FCRL3 is an orphan receptor, which is only expressed on the lymphocyte cell surface. it can inhibit the secretion of TNF-α, IL 1β, IL 6, and IL-8 by promoting the expression of IL 10 in multiple sclerosis [47]. In addition, a single nucleotide polymorphism in the FCRL3 promoter region binding of the NF-κB is associated with rheumatoid arthritis, autoimmune thyroid disease, and systemic lupus erythematosus [48]. Our previous study also found associations between a single nucleotide polymorphism of FCRL3 and BD susceptibility in the Chinese population [49]. MASP1 is a serine protease involved in complement system. It is essential for defense against invading pathogens and altering host structures [50]. NF2, FAM3B, and MGMT are primarily involved in regulating the tumor immune microenvironment [51‐53]. We reported, for the first time, a significant difference in the expression levels of NF2, FAM3B, and MGMT between BD and HC. However, further experiments are needed to explore the functional role of NF2, FAM3B, and MGMT in BD and other autoimmune diseases.

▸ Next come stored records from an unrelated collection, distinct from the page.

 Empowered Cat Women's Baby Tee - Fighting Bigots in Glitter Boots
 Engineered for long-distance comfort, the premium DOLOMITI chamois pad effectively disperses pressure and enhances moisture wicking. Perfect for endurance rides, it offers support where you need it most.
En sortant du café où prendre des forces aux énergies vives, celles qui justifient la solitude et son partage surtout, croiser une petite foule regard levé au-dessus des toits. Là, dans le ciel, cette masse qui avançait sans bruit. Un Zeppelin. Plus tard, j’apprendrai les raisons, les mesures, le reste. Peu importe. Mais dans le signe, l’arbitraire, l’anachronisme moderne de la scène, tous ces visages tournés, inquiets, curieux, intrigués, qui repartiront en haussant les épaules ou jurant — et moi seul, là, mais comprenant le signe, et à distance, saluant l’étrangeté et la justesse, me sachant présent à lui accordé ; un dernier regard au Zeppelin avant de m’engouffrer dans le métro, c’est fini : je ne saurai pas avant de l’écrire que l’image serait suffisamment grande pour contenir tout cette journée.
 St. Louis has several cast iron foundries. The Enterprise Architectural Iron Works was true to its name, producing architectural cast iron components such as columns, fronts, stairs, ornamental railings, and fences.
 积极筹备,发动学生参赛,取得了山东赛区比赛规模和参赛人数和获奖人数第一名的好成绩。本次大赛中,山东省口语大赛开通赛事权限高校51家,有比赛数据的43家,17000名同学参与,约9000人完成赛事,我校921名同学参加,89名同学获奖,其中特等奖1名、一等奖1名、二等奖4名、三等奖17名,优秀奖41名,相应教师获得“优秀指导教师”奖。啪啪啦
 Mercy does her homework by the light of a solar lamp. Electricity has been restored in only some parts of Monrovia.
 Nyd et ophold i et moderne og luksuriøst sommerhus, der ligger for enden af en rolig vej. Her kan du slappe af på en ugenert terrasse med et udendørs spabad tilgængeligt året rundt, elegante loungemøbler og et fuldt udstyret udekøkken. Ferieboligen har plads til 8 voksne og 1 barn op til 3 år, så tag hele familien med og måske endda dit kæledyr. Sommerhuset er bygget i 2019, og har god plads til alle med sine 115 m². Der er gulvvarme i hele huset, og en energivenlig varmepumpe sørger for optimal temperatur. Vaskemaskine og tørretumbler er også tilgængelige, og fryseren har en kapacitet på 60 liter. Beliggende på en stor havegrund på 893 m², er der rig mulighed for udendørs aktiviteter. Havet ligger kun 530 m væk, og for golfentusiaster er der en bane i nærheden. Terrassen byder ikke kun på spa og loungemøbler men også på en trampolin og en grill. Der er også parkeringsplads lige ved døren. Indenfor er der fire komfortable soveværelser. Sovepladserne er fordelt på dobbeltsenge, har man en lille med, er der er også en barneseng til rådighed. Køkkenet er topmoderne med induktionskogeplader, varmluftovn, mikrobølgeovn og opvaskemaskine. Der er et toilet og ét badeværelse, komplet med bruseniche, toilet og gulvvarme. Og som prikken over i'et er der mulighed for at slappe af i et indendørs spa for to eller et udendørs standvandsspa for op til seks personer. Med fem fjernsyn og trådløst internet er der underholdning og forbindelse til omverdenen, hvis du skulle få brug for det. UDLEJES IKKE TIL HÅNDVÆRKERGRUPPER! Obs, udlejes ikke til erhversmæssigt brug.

We report a novel molecular disease classification model for BD based on an unsupervised consensus clustering algorithm. DEPs, clinical phenotypes, sex, and age were used to construct the model. BD patients were divided into two subsets, cluster 1 with 14 patients and cluster 2 with 12 patients, characterized by distinct cytokine production profiles and disease activity. The characterization of cluster 1 was high disease activity and high TRIM5, SH2D1A, PIK3AP1, HCLS1, and DFFA expression. The characterization of cluster 2 showed low disease activity associated with a higher expression of CCL11. Our molecular disease model differed from the previous clinical classification model in that it is a novel immunophenotype for BD [54]. This model provides insight into the immunopathogenesis of BD and might help further refine the classification and diagnosis of BD. Besides, TRIM5, EGLN1, SH2D1A, and DFFA were correlated with disease duration, which may explain the classification model.

Another interesting finding from our study was that PLXNA4 (plexin A4) is a DEP between BDU and BDNU, whereby PLXNA4 expression was down-regulated in BDU. A previous study indicated that cytokines could impair vascular integrity by downregulating the expression of PLXNA4 [55]. This may explain the occurrence of retinal vasculitis in BDU.

Our study had some limitations. Most patients in our study previously received small doses of immunosuppressants; however, the effect of treatments was weak. Further clinical significance and function of candidate biomarkers need to be comprehensively investigated. It is undeniable that sample sizes are small in our study. We only compared the uveitis phenotype and without uveitis phenotype in BD patients. Further expanded experimental sample size and analysis of the relationship between immune response-related proteins and other phenotypes of BD patients will be necessary.

In summary, our results revealed that immune response-related proteins were differentially and significantly expressed in the plasma of patients with BD compared with HC. Based on machine learning algorithms, we confirmed that IL-10, FCRL3, MASP1, NF2, FAM3B, and MGMT may be promising biomarkers for BD. Furthermore, PLXNA4 may be a valuable biomarker to predict the occurrence of uveitis in patients with BD. A novel disease classification model using proteomic and clinical data has been constructed to identify subsets of patients with BD. However, further prospective studies are required to validate these findings.